The heritability of cause-specific mortality: a correlated gamma-frailty model applied to mortality due to respiratory diseases in Danish twins born 1870-1930.
The genetic influence on susceptibility to diseases of the respiratory system and all-cause mortality was studied using data for identical (MZ) and fraternal (DZ) twins. Data from the Danish Twin Register include 1344 MZ and 2411 DZ male twin pairs and 1470 MZ and 2730 DZ female twin pairs born between 1870 and 1930, where both individuals were alive on 1 011943. We used the correlated gamma-frailty model. Proportions of variance in frailty attributable to genetic and environmental factors were assessed using the structural equation model approach. For all-cause mortality the correlation coefficients of frailty for MZ twins tend to be higher than for DZ twins. For mortality with respect to respiratory diseases this effect was only seen in females, whereas males showed the opposite effect. Five standard biometric models are fitted to the data to evaluate the magnitude and nature of genetic and environmental factors on mortality.

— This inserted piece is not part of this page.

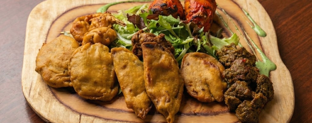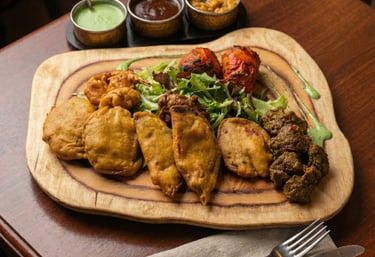 Tikkas au poulet, aux gambas, au bœuf et assortiment de pakoras
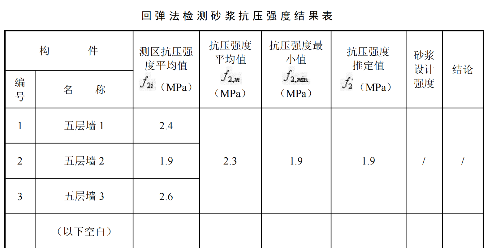 采用砂漿回彈儀依據(jù)《砌體工程現(xiàn)場(chǎng)檢測(cè)技術(shù)標(biāo)準(zhǔn)》GB/T 50315-2011 采用砂漿回 彈儀對(duì)該工程墻體的砌筑砂漿進(jìn)行檢測(cè)。檢測(cè)結(jié)果表明:該工程所測(cè)承重墻體的砂漿抗壓強(qiáng)度推定值為 1.9MPa。具體檢測(cè) 數(shù)據(jù)詳見報(bào)告附表 11.2。

Using the best fitting biometric model heritability for cause of death was found to be 0.58 (0.07) for all-cause mortality (AE-model) and zero for diseases of the respiratory system for males. Heritability was 0.63 (0.11) for all-cause mortality (DE-model) and 0.18 (0.09) for diseases of the respiratory system (DE-model) for females. The analysis confirms the presence of a strong genetic influence on individual frailty associated with all-cause mortality. For respiratory diseases, no genetic influence was found in males and only weak genetic influence in females. The nature of genetic influences on frailty with respect to all-cause mortality is probably additive in males and dominant in females, whereas for frailty with respect to deaths caused by respiratory diseases in females, there are genetic factors present which are caused by dominance. Environmental influences are non-shared with exception of frailty with respect to respiratory diseases in males, where the shared environment plays an important role.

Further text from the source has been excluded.